10 Pertanyaan Melihat Rumah dari Rumah

Setelah hampir sebulan bermukim di dalam rumah akibat Covid-19, sering terlintas pertanyaan-pertanyaan serampangan yang membuat saya tergelitik untuk merefleksikan apa sebenarnya makna rumah bagi masyarakat Timur seperti kita ini.

Langsung saja. Pertama, apakah kebudayaan kita, terutama Sulawesi Selatan, menganggap rumah hanya sekadar tempat tinggal?

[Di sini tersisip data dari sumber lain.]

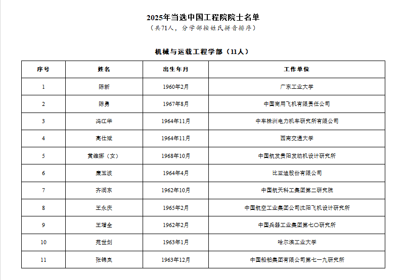 关于公布中国工程院2025年院士增选当选院士名单的公告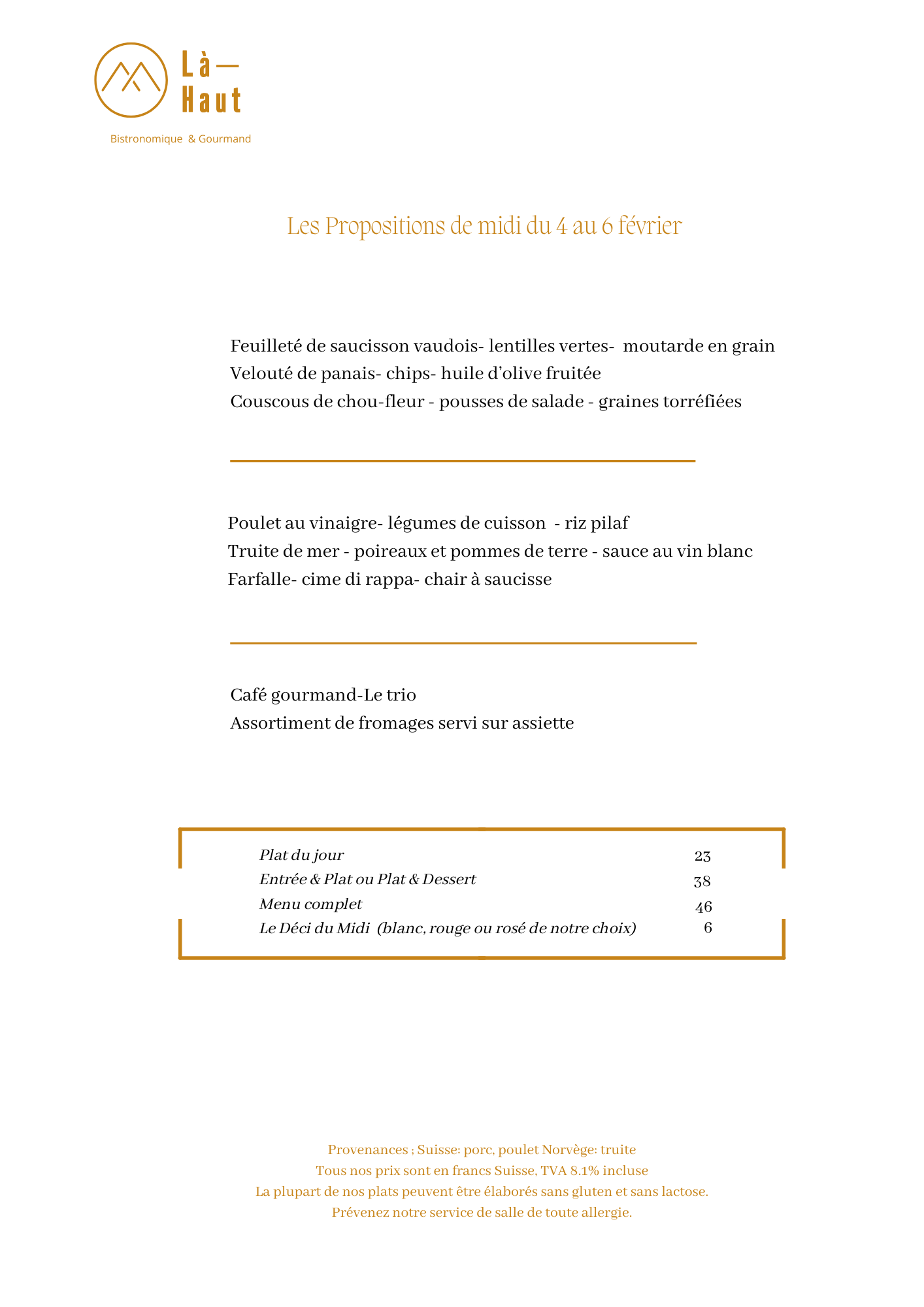 Disponible le 14 février le soir et le midi sur réservation uniquement.

Apakah pernah ada dalam sejarah lokal yang membuat rumah berfungsi produktif ketimbang hanya dianggap sebagai ranah domestik belaka?

Masyararakt Barat membagi dua ranah kehidupannya menjadi ruang privat dan ruang publik. Kedua, apakah rumah bagi kebudayaan lokal memposisikan hal yang serupa? Apakah urusan rumah tangga dianggap ranah privat yang tidak bisa berbaur dengan urusan publik?

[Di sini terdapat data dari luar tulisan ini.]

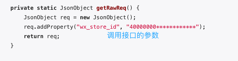 req.addProperty("wx_store_id", "40000000************");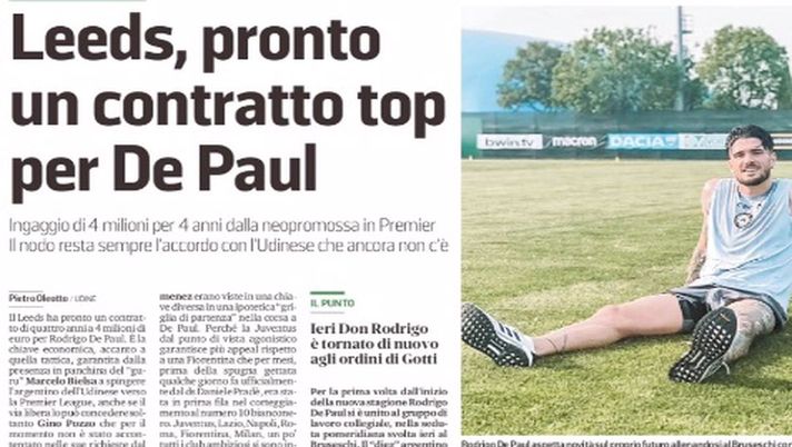 "Il Leeds ha pronto un contratto di quattro anni a 4 milioni di euro per Rodrigo De Paul, anche se il via libera lo può concedere soltanto Gino Pozzo che per il momento non è stato accontentato nelle sue richieste dal presidente del club inglese, neopromosso nella massima serie, Andrea Radrizzani. Chiede 40 milioni, l'Udinese, mentre il Leeds si è fermato molto prima, stando alle ultime indiscrezioni di mercato. Il Leeds si sarebbe fermato a 25 più bonus, contro i 35 dello Zenit. E a 25 Pozzo non intende cederlo, anche se Don Rodrigo, in virtù dei 4 milioni di ingaggio messi sul piatto, avrebbe in cuor suo già detto di sì agli inglesi. Da qui il famoso tweet postato l'altra sera e, dopo una valanga di condivisioni, cancellato. Non c'è più quel «Yes» accompagnato da due dita incrociate postato su Twitter e ormai cancellato dopo l'onda social. De Paul è tornato ad aspettare nell'ombra, magari ascoltando le proposte della Roma dei Friedkin, intenti a trovare un jolly dopo l'infortunio di Nicolò Zaniolo e ai quali Pozzo i giorni precedenti aveva offerto Roberto Pereyra dai "possedimenti" di Watford".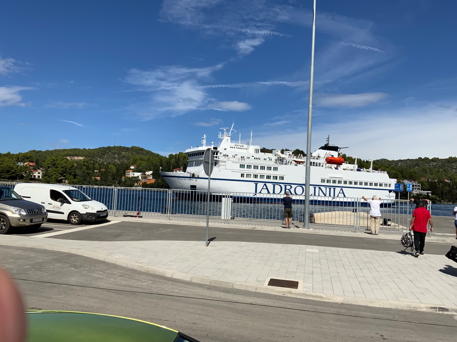 Bei der Anfahrt zum Fährhafen am besten in Vela Luka rechts ab von der Promenade durch den alten Hafen Richtung Industrie 🏭. Diese Straße ist nicht so eng, wie jene durch den Ort auf dem Hinweg. Oben an der Einmündung zur Umgehungsstraße befindet sich ein großer Tommy Markt, rechts ist bereits die Fähre (Trajekt) ausgeschildert. Verladung war pünktlich und unproblematisch, die Jadrolinja Fähren sind echte RoRos, also vorwärts Rein übers Heck, Vorwärts raus über den Bug.

Ketiga, apakah urusan rumah tangga dengan sendirinya bukan medan politis yang jauh dari urusan kepublikan?  Mungkinkah ada peluang melihatnya dengan kacamata lain, bahwa rumah dalam kearifan lokal Bugis Makassar, mendudukkan urusan rumah tangga juga sebagai bagian dari urusan pemerintahan?

Keempat, jika rumah dan ruang publik demikian lebar jaraknya, bagaimanakah hubungan antara keduanya? Apakah ada pembagian hak yang mengatur dua ranah kehidupan ini? Bagaimanakah perlakuan kekuasaan menyikapinya, apakah sama seperti bagaimana negara modern mengatur kehidupan masyarakatnya?

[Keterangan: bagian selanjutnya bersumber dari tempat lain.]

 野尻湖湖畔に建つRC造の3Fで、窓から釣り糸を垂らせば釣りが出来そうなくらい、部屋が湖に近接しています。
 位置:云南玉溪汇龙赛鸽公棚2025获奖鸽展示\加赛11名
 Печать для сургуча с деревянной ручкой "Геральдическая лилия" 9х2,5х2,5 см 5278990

Kelima, jika tidak, lalu kapan ada pemilahan kehidupan yang membagi peran masyarakat ke dalam ranah privat dan ranah publik? Mengapa ada pembagian semacam ini? Apakah ada unsur kepentingan kekuasaan tertentu yang mengaturnya?

Dari segi kebudayaan. Keenam, bagaimanakah rumah dapat dilihat sebagai wahana kebudayaan? Apakah rumah selama ini sering kita andaikan sebagai arena persemaian nilai-nilai tradisi? Apakah rumah bisa diutamakan dari sekolah dengan menyebutnya sebagai sekolah pertama? Apa fungsi pendidikan rumah jika sekolah sering dianggap satu-satunya faktor penunjang pendidikan?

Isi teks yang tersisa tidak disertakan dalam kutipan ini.